When the round is going on, the scores you see on the leaderboard will be computed using only 60% of the test data. And after the round is over, the leaderboard will be updated and your final scores will be computed using whole of the test data.

Please note, in Round 2, your F1-Score as well as  Accuracy will be computed in a weighted way where class 5 and class 6 will have 20x more weight than the rest of the classes.

> Check out compute_score.py for the code that is used to compute the scores on the leaderboard. If you would like to suggest any optimizations in the code or if you want to report any bug, please consider sending across a pull request.

## 📅 Rounds

The competiton consists of 2 separate Rounds.

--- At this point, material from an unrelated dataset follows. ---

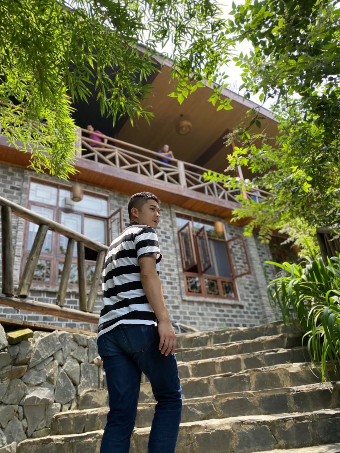 月里藏桃山庄,光听名字就仙气满满,从牌楼往里走,迎接我们的是一条清澈的小河,河上架一座木桥联通内院,站在桥上随手拍一张都是大片。缓缓走过木桥,蜿蜒曲折的石板路完美对接,两旁茂密的竹海环绕仿若置身森林。一转身,踏上青砖台阶,一座依山而建、古香古色的三层木屋映入眼帘。山庄占地面积近200亩,山水相依,错落有致,集民宿、露营、美食、休闲娱乐为一体~山庄老板是个有情怀的人,为保护原生态景观、守住乡情,山庄仅在原有的房屋基础上,进行青砖木楼、青石木桥的改造,最大限度地保护了生态环境,确保四季美景尽收眼底。

• Round-1 : September 14th, 2020 - October 27th, 2020
• Round-2 : November 18th, 2020 - December 15th, 2020
• Round-3: January 25th, 2021 - March 8th, 2021
• Round-4: September 20th, 2021 - November 20th, 2021

## 🏆 Prizes

Prizes will be awarded as follows:

Round 1

Leaderboard Prizes (based on final score at the end of round 1)

Community Contribution Prizes

Round 2

Leaderboard Prizes (based on final score at the end of Round 2)

• #1 – USD 13,000
• #2 – USD 7,000
• #3 – USD 5,000

Round 3: Community Contribution Round

8 Oculus Quest 2’s for Top 8 Contributions for the challenge!

Round 4

Note:

• Previous winners who have already received a gadget as the prize for the leaderboard or the community contribution are not eligible for winning another award.
• These leaderboard winners are eligible for the prize if they have a minimum weighted F1 score of 0.857 on the leaderboard.